Council shifts ballpark tax surpluses to unrelated expenses

The D.C. Council is throwing a change-up with the revenues of the ballpark tax. 

The business tax passed by the Council in 2005 was intended to help pay down the bond on the $611 million Nationals Park. The tax has been running a surplus, which could be used to pay off the bond sooner, or to reduce the tax rate.

But with a big budget gap to fill, the Council is instead shifting the revenues to unrelated purposes.

By the close of the current fiscal year, the tax will have raised more than $135 million on top of what is being used to pay down the bond.

Councilmember Jack Evans, a major baseball booster who helped craft the bond plan five years ago, said of his council colleagues, “They took all the money. They’re spending every dime.”

Evans told the Washington Examiner that the ballpark tax “was the biggest mistake that this government has made.”

Evans says the surplus could be used to pay off the bonds in nearly half the 30 years originally scheduled. But the local business community is less concerned with the reallocation of the surplus than with fears that the “temporary” tax could become permanent.

“The deal that we had…was that any excess monies would be used to pay down the bond," D.C. Chamber of Commerce President/CEO Barbara Lang told the Examiner. "We would like to see those bonds paid off earlier to relieve us of that tax. I'm very concerned that it will become part of the city's operating budget.”

But there is no such thing as a temporary tax. Once a government finds a source of revenue, especially one that is generating more than originally anticipated, it will find means to keep it flowing.

This time, it’s the recession that’s being cited.
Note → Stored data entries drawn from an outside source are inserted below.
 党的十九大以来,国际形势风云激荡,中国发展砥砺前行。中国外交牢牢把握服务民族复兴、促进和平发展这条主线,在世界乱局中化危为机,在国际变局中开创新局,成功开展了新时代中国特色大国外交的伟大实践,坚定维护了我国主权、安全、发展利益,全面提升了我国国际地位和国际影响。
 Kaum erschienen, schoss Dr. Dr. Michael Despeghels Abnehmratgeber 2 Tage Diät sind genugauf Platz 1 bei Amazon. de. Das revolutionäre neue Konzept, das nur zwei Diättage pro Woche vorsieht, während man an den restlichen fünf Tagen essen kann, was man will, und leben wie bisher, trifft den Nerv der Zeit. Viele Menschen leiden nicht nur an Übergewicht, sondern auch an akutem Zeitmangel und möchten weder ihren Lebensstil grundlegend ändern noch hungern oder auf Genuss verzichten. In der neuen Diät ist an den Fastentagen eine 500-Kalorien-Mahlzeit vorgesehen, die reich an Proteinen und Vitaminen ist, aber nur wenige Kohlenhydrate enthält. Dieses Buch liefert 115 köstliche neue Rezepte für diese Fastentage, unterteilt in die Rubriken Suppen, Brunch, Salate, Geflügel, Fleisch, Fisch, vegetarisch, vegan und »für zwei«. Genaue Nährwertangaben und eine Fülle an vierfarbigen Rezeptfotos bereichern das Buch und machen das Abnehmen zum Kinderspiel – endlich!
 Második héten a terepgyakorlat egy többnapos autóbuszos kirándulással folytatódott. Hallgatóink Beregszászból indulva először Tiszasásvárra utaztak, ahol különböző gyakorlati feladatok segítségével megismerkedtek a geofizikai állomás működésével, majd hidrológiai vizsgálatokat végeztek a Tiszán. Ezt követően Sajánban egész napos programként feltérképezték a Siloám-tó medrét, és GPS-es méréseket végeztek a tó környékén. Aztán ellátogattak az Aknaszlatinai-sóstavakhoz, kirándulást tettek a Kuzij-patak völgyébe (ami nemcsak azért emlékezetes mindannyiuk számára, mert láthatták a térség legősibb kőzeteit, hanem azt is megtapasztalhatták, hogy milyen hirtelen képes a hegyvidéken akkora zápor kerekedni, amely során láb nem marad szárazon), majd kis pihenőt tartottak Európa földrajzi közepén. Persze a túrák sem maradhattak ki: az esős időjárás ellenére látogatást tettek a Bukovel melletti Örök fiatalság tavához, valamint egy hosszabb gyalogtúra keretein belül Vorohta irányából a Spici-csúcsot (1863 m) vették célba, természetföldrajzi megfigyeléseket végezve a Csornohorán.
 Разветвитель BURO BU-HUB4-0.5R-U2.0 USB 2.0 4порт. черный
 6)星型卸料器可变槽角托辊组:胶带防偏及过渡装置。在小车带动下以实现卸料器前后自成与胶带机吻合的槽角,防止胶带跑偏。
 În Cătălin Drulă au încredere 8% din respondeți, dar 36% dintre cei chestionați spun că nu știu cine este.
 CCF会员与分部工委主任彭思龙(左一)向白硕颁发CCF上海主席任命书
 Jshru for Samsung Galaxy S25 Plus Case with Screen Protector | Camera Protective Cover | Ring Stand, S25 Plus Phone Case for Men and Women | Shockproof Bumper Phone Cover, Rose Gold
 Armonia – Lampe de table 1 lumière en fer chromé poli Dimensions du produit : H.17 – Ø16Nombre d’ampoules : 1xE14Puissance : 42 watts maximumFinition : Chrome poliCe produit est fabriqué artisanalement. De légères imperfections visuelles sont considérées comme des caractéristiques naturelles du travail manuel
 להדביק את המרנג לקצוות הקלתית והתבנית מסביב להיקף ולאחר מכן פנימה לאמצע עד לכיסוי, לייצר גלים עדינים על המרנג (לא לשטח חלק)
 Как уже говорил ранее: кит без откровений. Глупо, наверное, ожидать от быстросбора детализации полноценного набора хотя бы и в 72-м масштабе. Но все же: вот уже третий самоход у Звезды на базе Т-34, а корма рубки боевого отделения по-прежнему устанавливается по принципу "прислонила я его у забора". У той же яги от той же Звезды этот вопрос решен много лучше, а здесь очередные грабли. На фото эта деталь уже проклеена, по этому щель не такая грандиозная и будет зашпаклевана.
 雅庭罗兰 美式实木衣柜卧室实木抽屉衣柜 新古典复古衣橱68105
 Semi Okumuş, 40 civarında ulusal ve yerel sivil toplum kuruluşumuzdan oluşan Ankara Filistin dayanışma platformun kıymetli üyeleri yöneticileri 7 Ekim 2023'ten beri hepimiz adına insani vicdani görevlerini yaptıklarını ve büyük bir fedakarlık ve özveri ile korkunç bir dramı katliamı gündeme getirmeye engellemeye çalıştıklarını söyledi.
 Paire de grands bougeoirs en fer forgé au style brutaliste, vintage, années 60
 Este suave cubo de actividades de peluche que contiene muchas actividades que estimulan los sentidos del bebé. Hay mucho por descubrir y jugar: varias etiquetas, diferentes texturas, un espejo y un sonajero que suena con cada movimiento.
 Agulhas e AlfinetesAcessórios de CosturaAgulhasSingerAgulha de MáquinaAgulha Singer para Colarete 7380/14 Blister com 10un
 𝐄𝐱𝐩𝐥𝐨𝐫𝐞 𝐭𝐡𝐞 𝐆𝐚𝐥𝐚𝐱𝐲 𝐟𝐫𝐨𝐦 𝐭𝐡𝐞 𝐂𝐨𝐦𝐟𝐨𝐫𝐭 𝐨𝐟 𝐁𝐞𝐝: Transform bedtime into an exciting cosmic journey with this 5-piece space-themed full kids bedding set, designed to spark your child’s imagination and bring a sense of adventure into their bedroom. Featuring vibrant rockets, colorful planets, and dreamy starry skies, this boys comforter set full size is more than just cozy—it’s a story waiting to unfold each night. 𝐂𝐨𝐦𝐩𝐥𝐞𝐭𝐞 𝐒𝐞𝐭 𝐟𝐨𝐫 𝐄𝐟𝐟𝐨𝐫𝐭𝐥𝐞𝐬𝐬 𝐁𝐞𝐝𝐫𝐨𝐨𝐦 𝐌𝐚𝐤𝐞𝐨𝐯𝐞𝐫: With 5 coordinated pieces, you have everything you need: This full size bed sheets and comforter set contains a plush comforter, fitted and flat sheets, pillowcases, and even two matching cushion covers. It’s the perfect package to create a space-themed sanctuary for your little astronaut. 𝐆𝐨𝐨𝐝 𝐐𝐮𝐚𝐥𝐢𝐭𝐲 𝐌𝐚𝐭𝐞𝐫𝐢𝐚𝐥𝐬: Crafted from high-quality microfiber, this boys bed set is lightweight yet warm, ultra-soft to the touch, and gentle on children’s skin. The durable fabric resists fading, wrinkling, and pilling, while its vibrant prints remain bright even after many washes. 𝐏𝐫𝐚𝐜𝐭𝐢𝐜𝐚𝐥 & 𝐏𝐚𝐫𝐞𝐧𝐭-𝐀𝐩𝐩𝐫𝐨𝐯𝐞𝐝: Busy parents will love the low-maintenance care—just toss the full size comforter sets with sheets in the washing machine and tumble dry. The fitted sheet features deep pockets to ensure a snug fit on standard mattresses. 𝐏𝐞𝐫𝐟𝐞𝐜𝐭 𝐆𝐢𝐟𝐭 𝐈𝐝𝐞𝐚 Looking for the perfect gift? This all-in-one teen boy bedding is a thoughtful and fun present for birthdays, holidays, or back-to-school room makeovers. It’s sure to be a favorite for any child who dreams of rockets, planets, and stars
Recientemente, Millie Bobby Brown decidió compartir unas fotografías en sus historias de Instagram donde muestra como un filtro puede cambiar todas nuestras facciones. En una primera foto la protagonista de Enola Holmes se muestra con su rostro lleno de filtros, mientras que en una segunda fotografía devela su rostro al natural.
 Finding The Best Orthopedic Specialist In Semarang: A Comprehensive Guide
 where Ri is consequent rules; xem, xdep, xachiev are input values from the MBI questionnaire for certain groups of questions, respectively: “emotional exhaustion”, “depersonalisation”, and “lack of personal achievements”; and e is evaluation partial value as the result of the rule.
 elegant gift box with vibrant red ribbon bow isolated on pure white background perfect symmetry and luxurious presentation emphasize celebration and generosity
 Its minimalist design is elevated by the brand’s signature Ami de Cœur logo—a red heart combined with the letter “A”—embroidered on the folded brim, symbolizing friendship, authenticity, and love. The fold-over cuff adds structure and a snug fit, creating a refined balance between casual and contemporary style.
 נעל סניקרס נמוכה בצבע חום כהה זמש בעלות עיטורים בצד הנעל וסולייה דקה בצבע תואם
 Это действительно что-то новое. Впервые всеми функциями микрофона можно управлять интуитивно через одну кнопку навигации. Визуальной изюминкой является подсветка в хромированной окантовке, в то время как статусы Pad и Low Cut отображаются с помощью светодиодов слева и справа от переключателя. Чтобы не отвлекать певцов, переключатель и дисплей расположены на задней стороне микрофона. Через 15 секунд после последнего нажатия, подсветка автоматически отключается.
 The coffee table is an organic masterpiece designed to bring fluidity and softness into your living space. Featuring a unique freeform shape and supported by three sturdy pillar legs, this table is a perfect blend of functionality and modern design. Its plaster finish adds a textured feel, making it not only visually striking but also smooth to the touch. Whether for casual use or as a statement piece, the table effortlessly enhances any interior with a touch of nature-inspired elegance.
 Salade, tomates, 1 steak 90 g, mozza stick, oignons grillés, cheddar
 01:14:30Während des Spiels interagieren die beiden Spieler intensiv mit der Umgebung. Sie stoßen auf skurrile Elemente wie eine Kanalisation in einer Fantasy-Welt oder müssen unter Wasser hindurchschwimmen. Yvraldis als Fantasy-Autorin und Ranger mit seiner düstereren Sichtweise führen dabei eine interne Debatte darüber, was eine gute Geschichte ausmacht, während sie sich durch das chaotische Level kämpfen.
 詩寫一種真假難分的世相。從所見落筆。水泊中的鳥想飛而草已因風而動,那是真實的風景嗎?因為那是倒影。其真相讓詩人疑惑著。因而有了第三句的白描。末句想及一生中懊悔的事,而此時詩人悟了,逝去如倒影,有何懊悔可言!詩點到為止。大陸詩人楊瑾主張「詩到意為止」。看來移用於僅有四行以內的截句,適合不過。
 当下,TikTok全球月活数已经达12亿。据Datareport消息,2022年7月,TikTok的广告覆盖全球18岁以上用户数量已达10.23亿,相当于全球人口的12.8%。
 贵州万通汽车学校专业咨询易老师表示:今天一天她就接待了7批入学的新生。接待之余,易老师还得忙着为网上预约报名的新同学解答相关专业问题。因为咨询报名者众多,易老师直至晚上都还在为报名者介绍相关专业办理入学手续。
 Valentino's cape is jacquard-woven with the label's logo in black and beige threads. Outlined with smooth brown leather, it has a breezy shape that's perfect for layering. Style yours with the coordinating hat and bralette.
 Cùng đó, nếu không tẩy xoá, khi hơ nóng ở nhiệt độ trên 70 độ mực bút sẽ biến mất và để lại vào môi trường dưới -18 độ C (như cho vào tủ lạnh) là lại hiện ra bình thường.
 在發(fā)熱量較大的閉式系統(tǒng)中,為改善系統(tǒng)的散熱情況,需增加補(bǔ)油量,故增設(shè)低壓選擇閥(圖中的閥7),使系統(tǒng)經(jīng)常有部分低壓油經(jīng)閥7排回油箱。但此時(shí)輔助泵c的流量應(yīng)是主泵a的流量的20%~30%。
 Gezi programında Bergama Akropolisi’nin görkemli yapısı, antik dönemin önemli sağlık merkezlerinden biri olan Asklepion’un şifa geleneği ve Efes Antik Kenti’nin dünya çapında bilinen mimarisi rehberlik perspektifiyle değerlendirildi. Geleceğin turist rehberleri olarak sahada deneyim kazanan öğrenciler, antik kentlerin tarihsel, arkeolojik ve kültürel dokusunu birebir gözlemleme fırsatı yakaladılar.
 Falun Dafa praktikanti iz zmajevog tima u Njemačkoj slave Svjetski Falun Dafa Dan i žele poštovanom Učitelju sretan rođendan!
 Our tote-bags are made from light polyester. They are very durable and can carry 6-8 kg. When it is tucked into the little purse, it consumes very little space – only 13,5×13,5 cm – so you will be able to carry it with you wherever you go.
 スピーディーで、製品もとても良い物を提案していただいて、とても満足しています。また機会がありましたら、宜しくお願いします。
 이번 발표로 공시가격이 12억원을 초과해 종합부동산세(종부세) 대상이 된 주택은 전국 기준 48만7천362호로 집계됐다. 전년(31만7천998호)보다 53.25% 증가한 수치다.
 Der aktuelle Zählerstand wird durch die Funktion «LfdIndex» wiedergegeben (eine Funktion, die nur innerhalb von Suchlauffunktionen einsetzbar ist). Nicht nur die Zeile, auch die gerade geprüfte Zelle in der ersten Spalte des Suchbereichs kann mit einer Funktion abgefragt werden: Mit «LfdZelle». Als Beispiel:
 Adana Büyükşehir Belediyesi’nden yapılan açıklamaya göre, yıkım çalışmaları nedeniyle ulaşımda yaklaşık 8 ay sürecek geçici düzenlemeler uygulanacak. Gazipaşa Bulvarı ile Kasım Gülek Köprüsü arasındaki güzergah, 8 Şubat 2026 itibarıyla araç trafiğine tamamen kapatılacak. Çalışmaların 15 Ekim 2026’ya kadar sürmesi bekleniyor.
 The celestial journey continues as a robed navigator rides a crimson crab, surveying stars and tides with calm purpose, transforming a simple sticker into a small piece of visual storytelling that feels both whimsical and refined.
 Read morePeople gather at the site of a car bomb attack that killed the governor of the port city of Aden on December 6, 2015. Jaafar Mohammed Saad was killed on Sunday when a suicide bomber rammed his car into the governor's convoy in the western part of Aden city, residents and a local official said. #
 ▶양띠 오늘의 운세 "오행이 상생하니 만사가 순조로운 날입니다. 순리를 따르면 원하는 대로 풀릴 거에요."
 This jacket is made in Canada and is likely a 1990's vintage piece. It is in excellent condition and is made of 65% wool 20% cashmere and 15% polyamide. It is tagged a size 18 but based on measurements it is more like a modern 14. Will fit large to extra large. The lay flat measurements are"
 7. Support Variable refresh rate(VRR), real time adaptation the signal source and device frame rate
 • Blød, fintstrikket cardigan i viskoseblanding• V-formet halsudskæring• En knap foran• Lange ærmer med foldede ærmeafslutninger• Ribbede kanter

Even though D.C. continues to lead the rankings among states in income per capita, and the city’s main industry -- the federal government -- is creating jobs like crazy, D.C. Fiscal Policy Institute analyst Ed Lazere says that the “economic downturn” means the District must “look at every revenue source that we can.”

But putting a perpetual burden on the city’s private sector -- which actually is struggling in the wake of the recession -- is no way to rebuild the economy.

The recession is just an excuse for a revenue grab by the council -- a fast one that would impress even Stephen Strasburg.